I will amend the 32 Hz statement to mean with almost all today's 2 ways with at most 6 1/2" drivers. I don't know any that size that go down that far. The Advents were bigger drivers in bigger boxes. But I suspect their in box resonance was still only about 40 Hz which means they are more than 3 DB down at 32 Hz. The woofer I'm looking at has an in box resonance and 3 DB down point of 32 Hz in 1 1/4 cubic feet.
Being an old fart raised on honking sized three way speakers blasting Led Zepplin, I held out changing my speakers for - lets just say a decade or two. I eventually had to switch over to a sub/monitor setup because basically, three ways were too big and bulking. And in truth, the technology of speakers really has passed them by.
I did try it a number of times to setup a subwoofer speaker setup. And failed over and over again. Sounded like crap!
However I was making the same classical mistake ALL us, lets just say "vintage" ears make. I tried making my subwoofer the "woofer"of a three way speaker. Ahhhh, it isn't engineered that way!
Stop trying to use your sub as a WOOFER. Use it as a SUBWOOFER.
Long LONG story short. I ended up with a pair of Zaph Audio SR71 speakers that go cleanly down to around 50Hz. All the subwoofer does is fill in below 50hz and gently bolster up the bottom end. NO MORE NO LESS. A subwoofer should almost not be heard or noticed in a system. But it should be noticed if it's off or on.
Your problem is learning HOW to setup a sub. Try posting over in the speaker forum and learn how to "tune" your subwoofer properly.
Also some tips I've learned over the years.
Get a good plate amp, like a Kreager from Madisound. You don't need a big ass sub box.
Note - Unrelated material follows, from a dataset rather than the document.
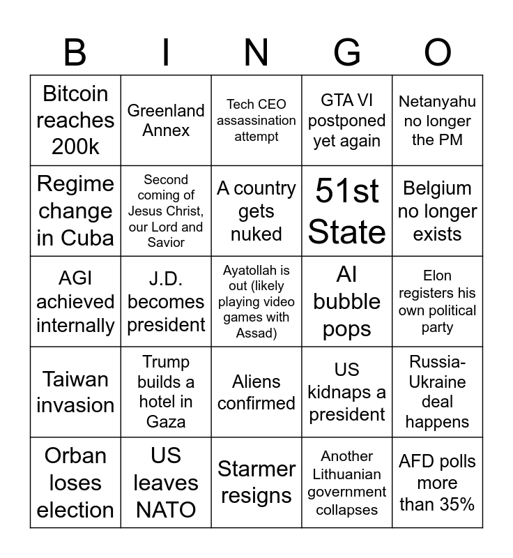 This bingo card has 25 words: Trump builds a hotel in Gaza, Starmer resigns, A country gets nuked, Orban loses election, Netanyahu no longer the PM, Bitcoin reaches 200k, Regime change in Cuba, Greenland Annex, AI bubble pops, Aliens confirmed, 51st State, AGI achieved internally, US kidnaps a president, Russia-Ukraine deal happens, Second coming of Jesus Christ, our Lord and Savior, AFD polls more than 35%, Elon registers his own political party, Tech CEO assassination attempt, Belgium no longer exists, J.D. becomes president, Ayatollah is out (likely playing video games with Assad), US leaves NATO, Taiwan invasion, GTA VI postponed yet again and Another Lithuanian government collapses.
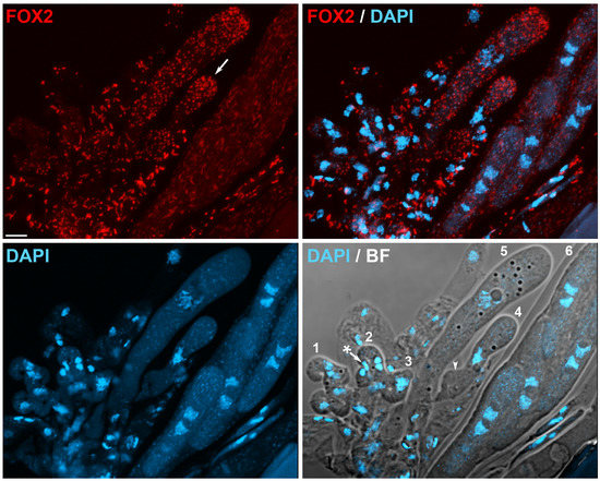 Peroxisome arrangement in representative stages of P. anserina sexual development. The numbering indicates successive developmental stages: (1) Young binucleate croziers. (2) Dikaryotic cell formation (note the lateral cell nucleus—asterisk—migrating into the basal cell to produce a new dikaryotic cell). (3) Karyogamy. (4–5) Asci at successive stages of meiotic prophase-I (arrow indicates peroxisomes concentrated at the ascus apex, arrowhead points to the reminiscent initial crozier cell). (6) Early ascospores. Peroxisomes were labeled with FOX2-mCherry. Nuclei and mitochondrial DNA (mtDNA) were stained by DAPI. BF, bright field. Scale bar, 5 μm. A section of this micrograph was previously reported in [102].

Stop trying to get your monitors to go down to 30Hz - they NEVER will. That's what the sub is for.
If you want email me.
charles
Your way works but it can be done with a higher crossover if it's custom designed for it using a computer with good soft ware. I've seen it done. My own system crosses an 18 " woofer passively at 85 HZ and works beautifully. But I'd like to down size so I can move the boxes by my self.
4th order xovers are exactly what I mean by squishing the life out of a speaker.
And once you start mixing crossover orders - now you get into phase shifting, and I don't mean that really cool Star Trek stuff. Slope and impedance matchings that even a seasoned DIYer would have trouble with.
Those xover calculator programs are just basic formula programs. Not an answer to how to really do it. And you will need some testing equipment to boot.
Here is a link to how it's done.
GO with a nice monitor and sub.
charles
Done correctly a 4th order Linkwitz/Reilly crossover is quite dynamic and does not take the life out of a speaker even if used foe a sub woofer. A 4th order LR xover is probably not electrically 4th order. You want it to be acoustically 4th order and that is often only 3rd order or even 2nd order electrically.